Se volete potete preparare questa crostata durante tutto l'anno. Vi basta usare delle amarene sciroppate al posto delle ciliegie, oppure una confettura di ciliegie (clickate qui per la ricetta).

 


 

DEGUSTAZIONE

 

Questa crostata va consumata a temperatura ambiente.

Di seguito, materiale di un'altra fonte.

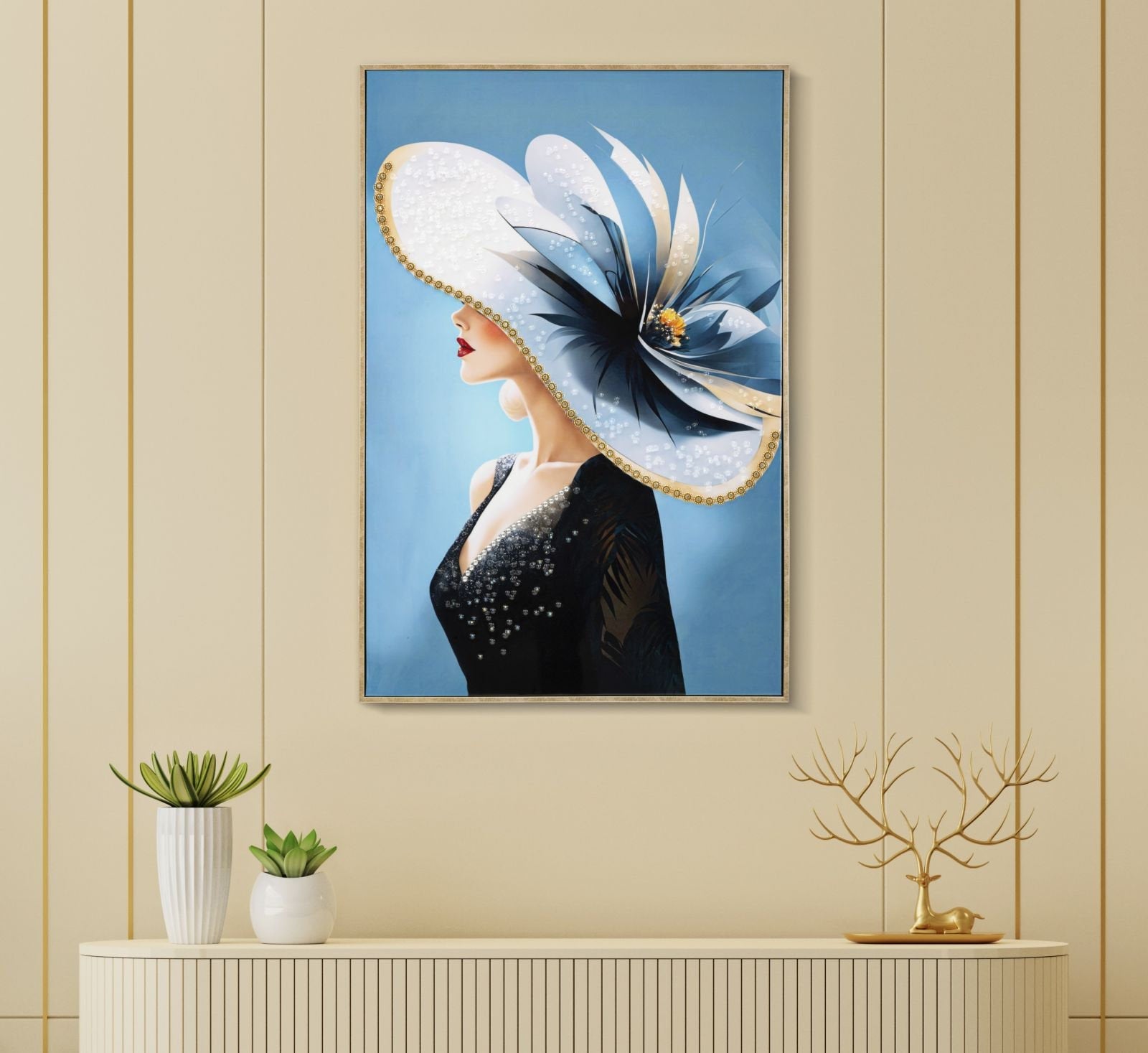 Retrato de moda Dori – Vestido negro y sombrero decorativo
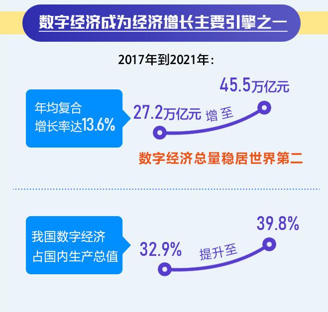 《報(bào)告》顯示,2017年到2021年,我國(guó)數(shù)字經(jīng)濟(jì)規(guī)模從27.2萬億增至45.5萬億元,總量穩(wěn)居世界第二,年均復(fù)合增長(zhǎng)率達(dá)13.6%,占國(guó)內(nèi)生產(chǎn)總值比重從32.9%提升至39.8%,成為推動(dòng)經(jīng)濟(jì)增長(zhǎng)的主要引擎之一。
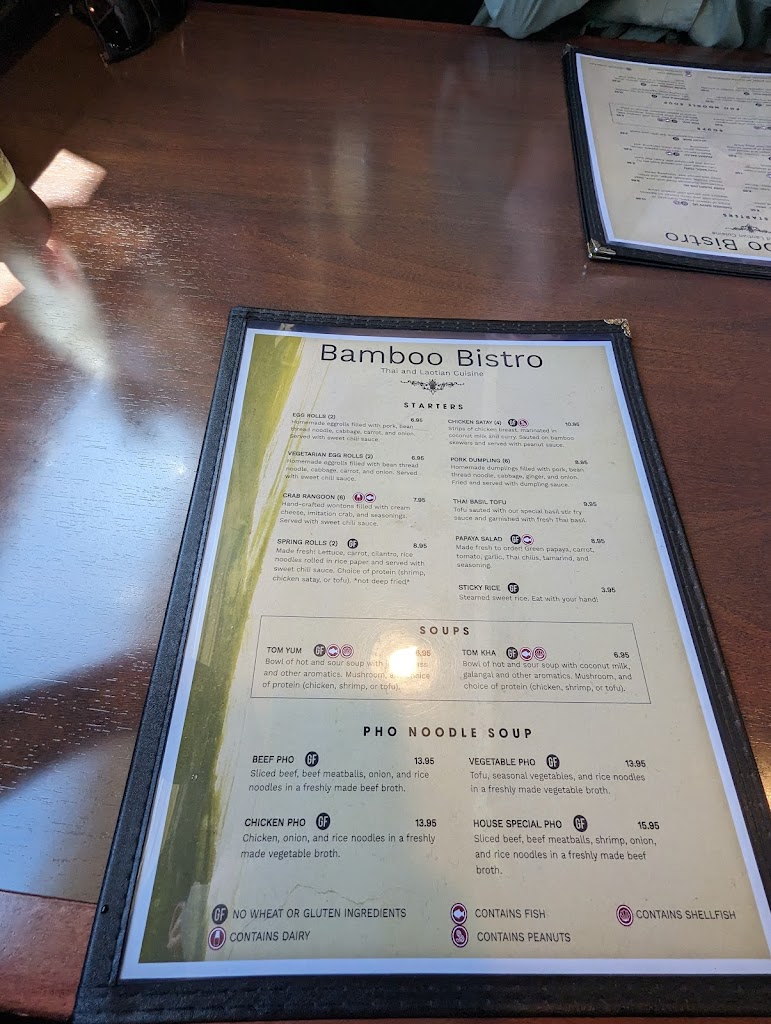 I used to like Bamboo Bistro, but it got bought out by new owners and their menu changed (we found this out after we got our food last time). I think they’re trying to go for a more Thai feel but it’s just not as good as it was before. The food is bogged down with fats and oils and it isn’t as light and airy as it used to be. I’ve eaten a lot of different Pad Thai dishes but something was just wrong about this. I didn’t finish my food and had stomach problems the whole night along with the other people I was dining with. Definitely won’t be going back, but the service was good and I enjoyed my honeydew boba tea. Probably best to call it the “Bamboozled Bistro” now.
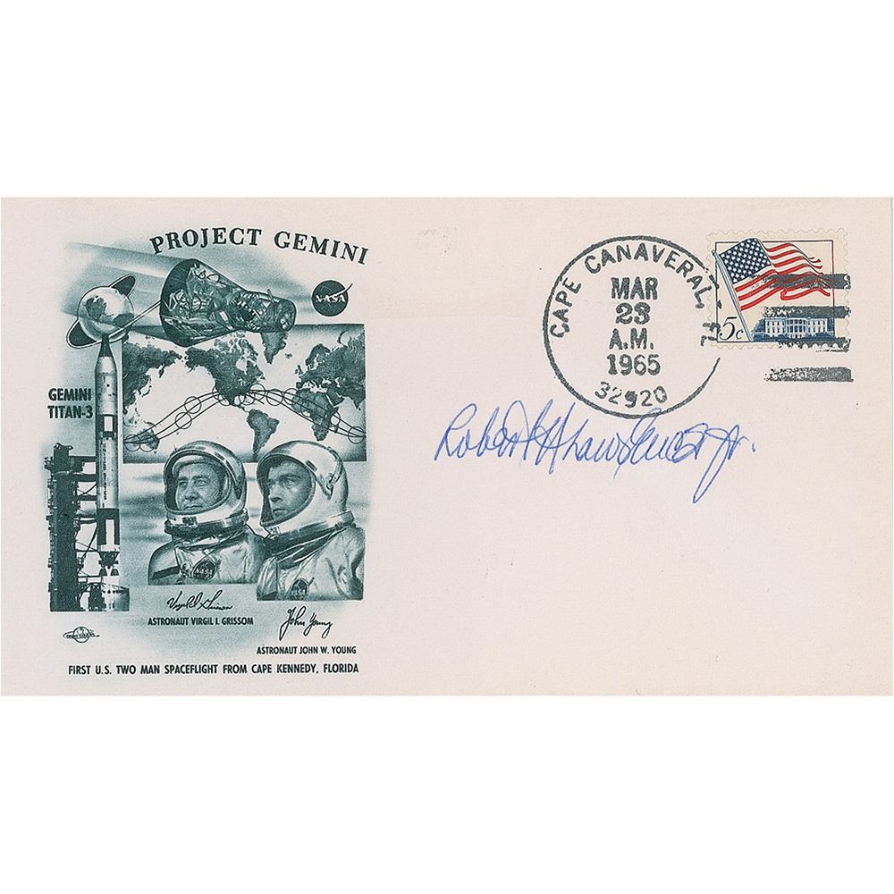 First African-American astronaut (1935–1967) who was killed in a crash of an F-104 Starfighter at Edwards Air Force Base. Scarce commemorative cover with a cachet honoring Project Gemini, signed in blue ballpoint, "Robert H. Lawrence, Jr." In fine condition.
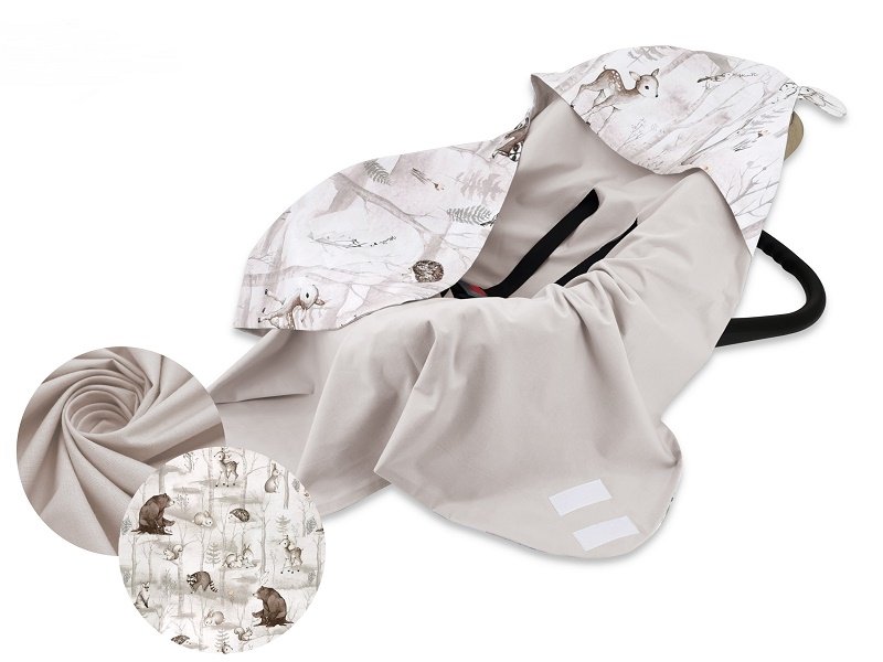 Zavinovací deka s kapucí, bavlna + jersey, Medvěd a kamarádi - šedý

Abbinamento consigliato da Oigroig:
Riesling alsaziano Sélection de Grains Nobles

Abbinamenti consigliati da teonzo:
Birra Dunkelweizen
Tè Biluochun
Succo di albicocca

 

 

6 Responses to “Crostata alle ciliegie, pistacchio, limone”

  1. Elisa

    Grazie Teonzo sono davvero interessanti le tue ricette! Una domanda: comr ciliegie va bene qualsiasi varietà? Qui dalle mie parti abbiamo i duroni di Vignola che sono grandi e con polpa soda, che ne pensi? Infine, se metto della gelatina posso conservarla un paio di giorni? Grazie

  2. teonzo

    Hai ragione, mi sono dimenticato di indicare il tipo di ciliegie. Sarebbe meglio usare ciliegie scure e belle saporite, quindi direi proprio che le Vignola siano la scelta migliore. Quelle della foto sono dei duroni di Verona.
    Se spennelle di gelatina e la conservi in frigo allora ti dura un paio di giorni di sicuro. L’unico problema è che la sablé assorbirebbe l’umidità del frigo, perdendo friabilità. Se hai due stampi piccoli puoi prepararne due piccole, poi metti le ciliegie in giornata ed eviti il problema della durata.

    Teo

  3. Ivo

    Ciao Teo,

    una volta cotta la sablè con il cake così o in bianco,quanto può essere conservata prima della farcitura?

    Ciao,grazie!

  4. Ivo

    Te lo chiedo perchè l'ho fatta sia in bianco che con il cake 3 giorni orsono,

    e non ho avuto il tempo per finirle.

  5. teonzo

    La sablé da sola dura minimo un paio di settimane se la conservi lontano dall’umidità. Il cake al pistacchio è bello umido, credo duri 5-6 giorni (dico ad occhio, è la prima volta che lo faccio).

     

    Teo

     

  6. Ivo

    Ok,GRAZIE!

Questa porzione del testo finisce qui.